### Assigned task:
Apart from the pictures, write out all the records exactly.

### Dataset records:
--- START ---

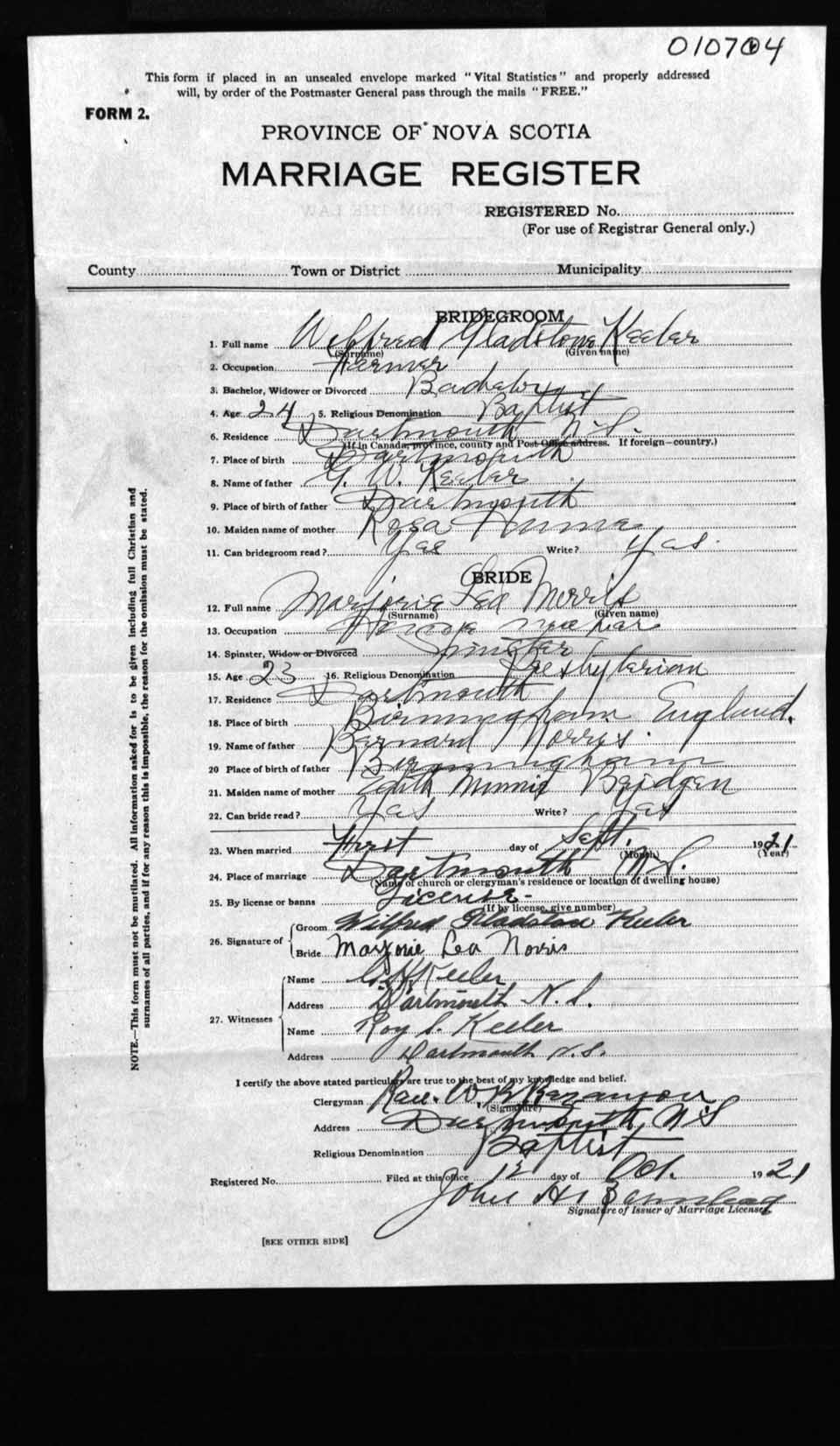 Registration: Year: 1921 number: 10704
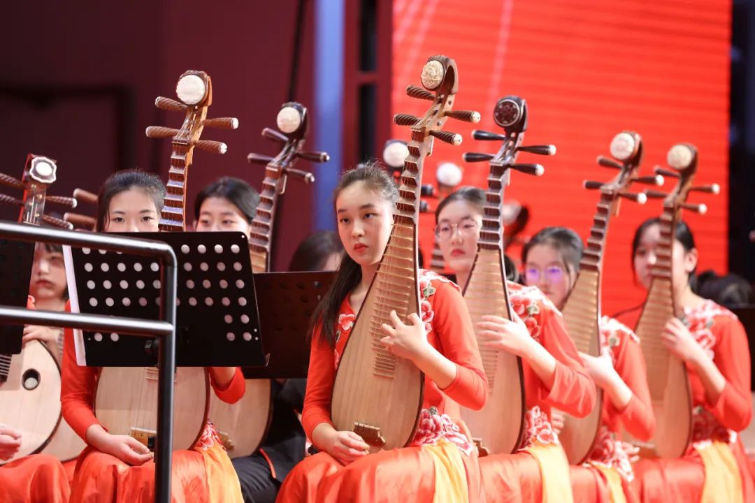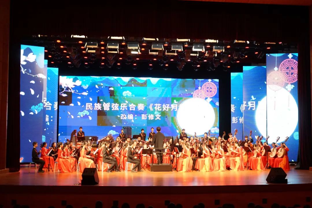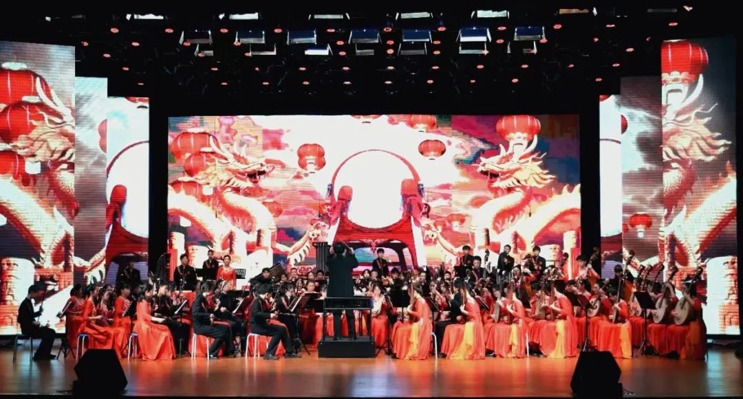 玉兔辞岁,大国腾飞;金龙迎春,民族振兴。民乐悠扬,弘扬优秀传统文化;丝竹悦耳,传播中华美育精神。
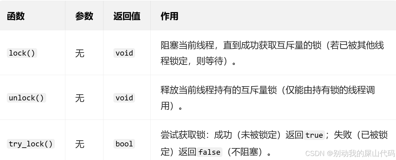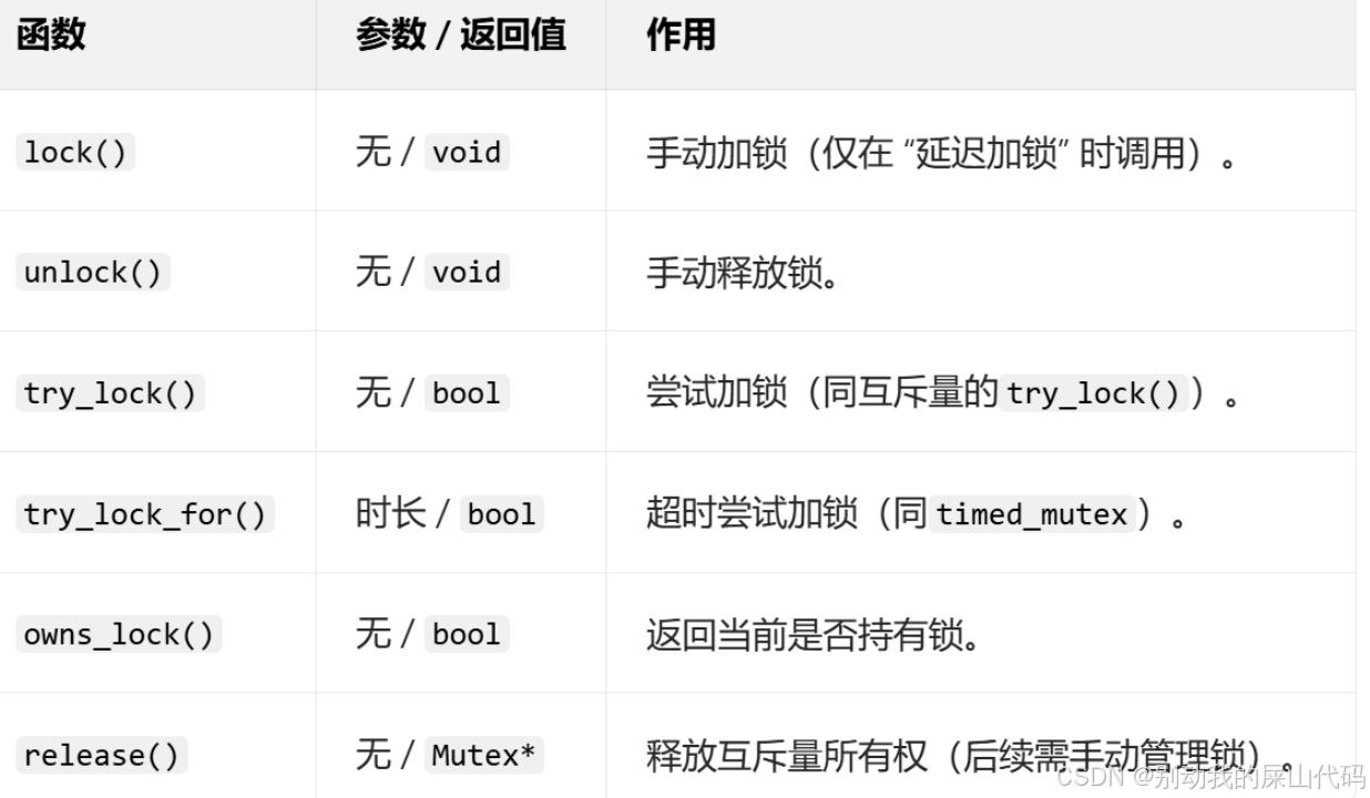 核心成员函数:包含recursive_mutex的所有函数 + timed_mutex的try_lock_for()/try_lock_until()。
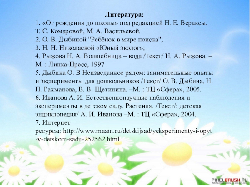 7. Интернет ресурсы: http://www.maam.ru/detskijsad/yeksperimenty-i-opyt-v-detskom-sadu-252562.html
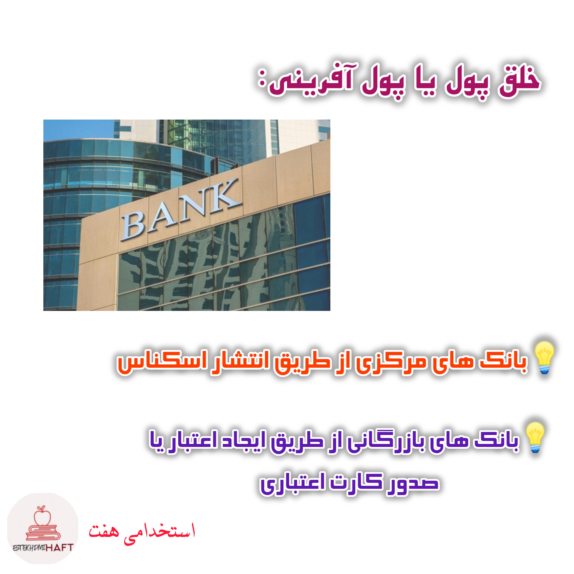 2-بانک های بازرگانی نیز همچون بانک های مرکزی ناشر اسکناس می توانند پول ایجاد کنند. پول آفرینی بانک های بازرگانی از طریق ایجاد اعتبارات می باشد.صدور کارت های اعتباری نیز به نوبه خود یک نوع پول آفرینی محسوب می شود.
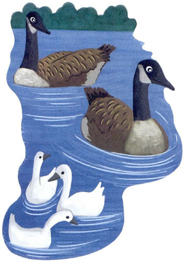 野鸭灰溜溜地远离了天鹅宝宝,湖面恢复了平静。

--- END ---

### Finished task:
 Registration: Year: 1921 number: 10704
 玉兔辞岁,大国腾飞;金龙迎春,民族振兴。民乐悠扬,弘扬优秀传统文化;丝竹悦耳,传播中华美育精神。
 核心成员函数:包含recursive_mutex的所有函数 + timed_mutex的try_lock_for()/try_lock_until()。
 7. Интернет ресурсы: http://www.maam.ru/detskijsad/yeksperimenty-i-opyt-v-detskom-sadu-252562.html
 2-بانک های بازرگانی نیز همچون بانک های مرکزی ناشر اسکناس می توانند پول ایجاد کنند. پول آفرینی بانک های بازرگانی از طریق ایجاد اعتبارات می باشد.صدور کارت های اعتباری نیز به نوبه خود یک نوع پول آفرینی محسوب می شود.
 野鸭灰溜溜地远离了天鹅宝宝,湖面恢复了平静。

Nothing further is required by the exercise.